Key Takeaways (expand)
- Copper is a trace element required by all living organisms.
- This mineral serves as a component of approximately two dozen proteins and enzymes (called cuproenzymes), making a variety of physiological functions copper-dependent!
- Some of the most important of these functions are connective tissue maturation, bone formation, energy production, iron homeostasis, neurotransmission, and melanin formation.
- Copper also helps scavenge free radicals and facilitate redox reactions, giving it an antioxidant role.
- Copper helps regulate gene expression through its involvement in RNA production and in regulating oxidative stress within cells (which helps activate signal transduction pathways).
- Although elevated blood levels of copper have been associated with a higher risk of cardiovascular disease, there’s little evidence that dietary copper is harmful for the heart; blood levels can rise substantially due to non-dietary factors (including physical stressors like inflammation and disease).
- Copper may be involved in the body’s innate immune response to bacterial infection: it exhibits direct toxicity to pathogens (through its ability to produce hydroxyl radicals), and can also disrupt bacterial protein structures.
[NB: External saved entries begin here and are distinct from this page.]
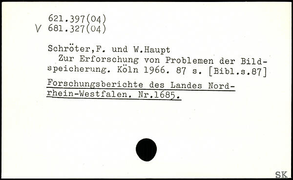 Zur Erforschung von Problemen der Bildspeicherung.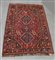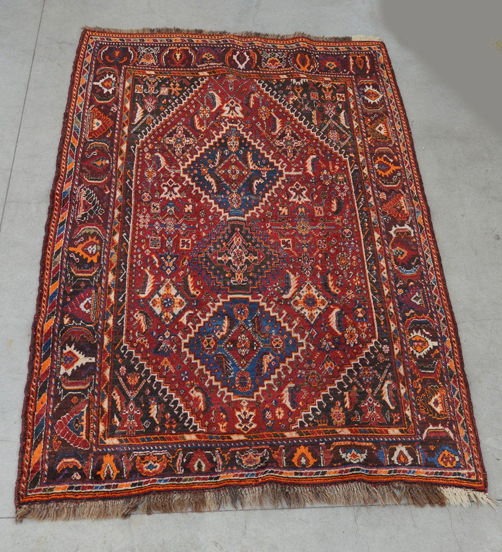 [Tappeti] Tappeto Shiraz, Persia, sec. XX. Disegno a tre medaglioni nei toni del l'azzurro, rosso, bianco e marrone su campo rosso (cm 234x148)(difetti e restauri)
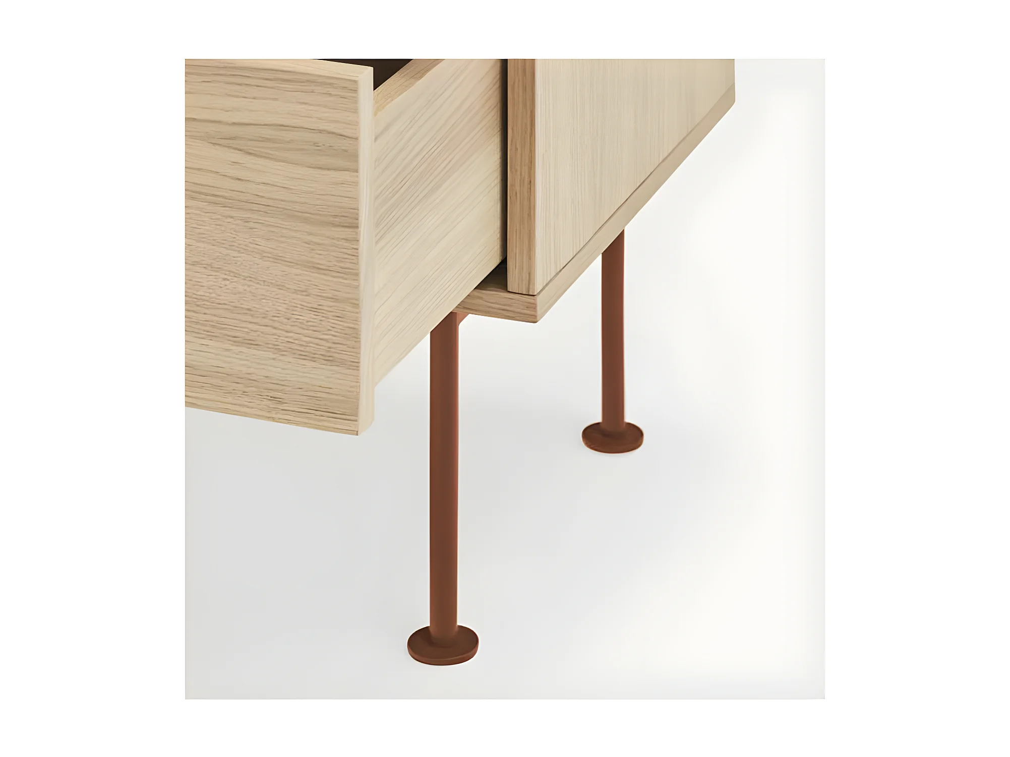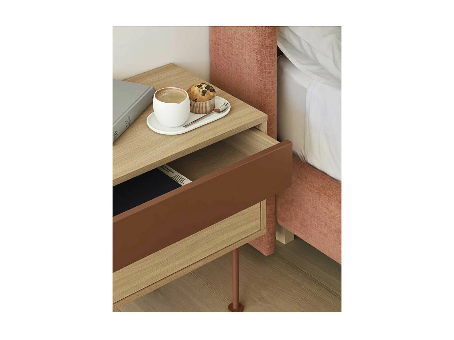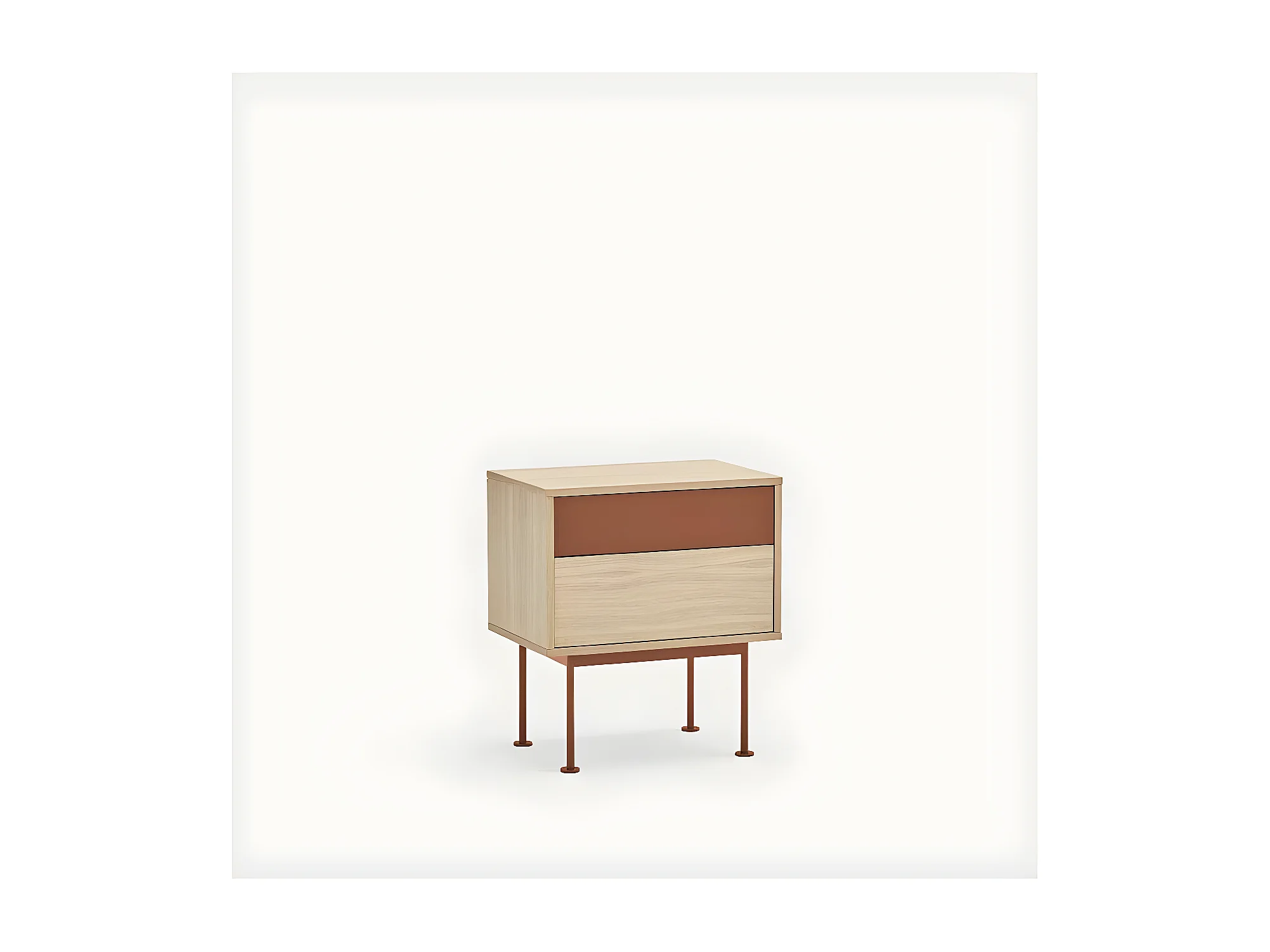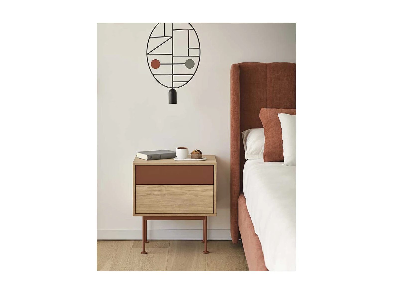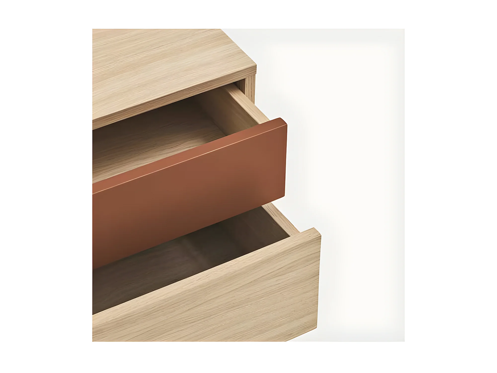 Table de chevet 2 tiroirs Chêne clair / Brique - TEULAT YOKO

- Some limited evidence suggests copper can promote bone health and protect against osteoporosis, possibly via the copper-dependent enzyme lysyl oxidase (which supports collage in the bone matrix); but, more research here is needed!
- Copper may also play a role in cancer progression, particularly angiogenesis (the development of new blood vessels that allow tumors to grow).
- Some evidence suggests a role for copper in protecting against diabetic retinopathy, kidney stones, and erectile dysfunction.
- Copper deficiency is fairly uncommon, but when it occurs, can lead to abnormally low levels of neutrophils (a type of white blood cell), anemia that doesn’t respond to iron therapy, impaired growth, neurological symptoms, and loss of pigmentation on the body; copper deficiency during pregnancy can increase the risk of low birth weight and neurological problems in newborns.
- Excess copper can be hazardous, too: chronically high intake can increase the risk of liver injury, and may alter immune function and antioxidant status.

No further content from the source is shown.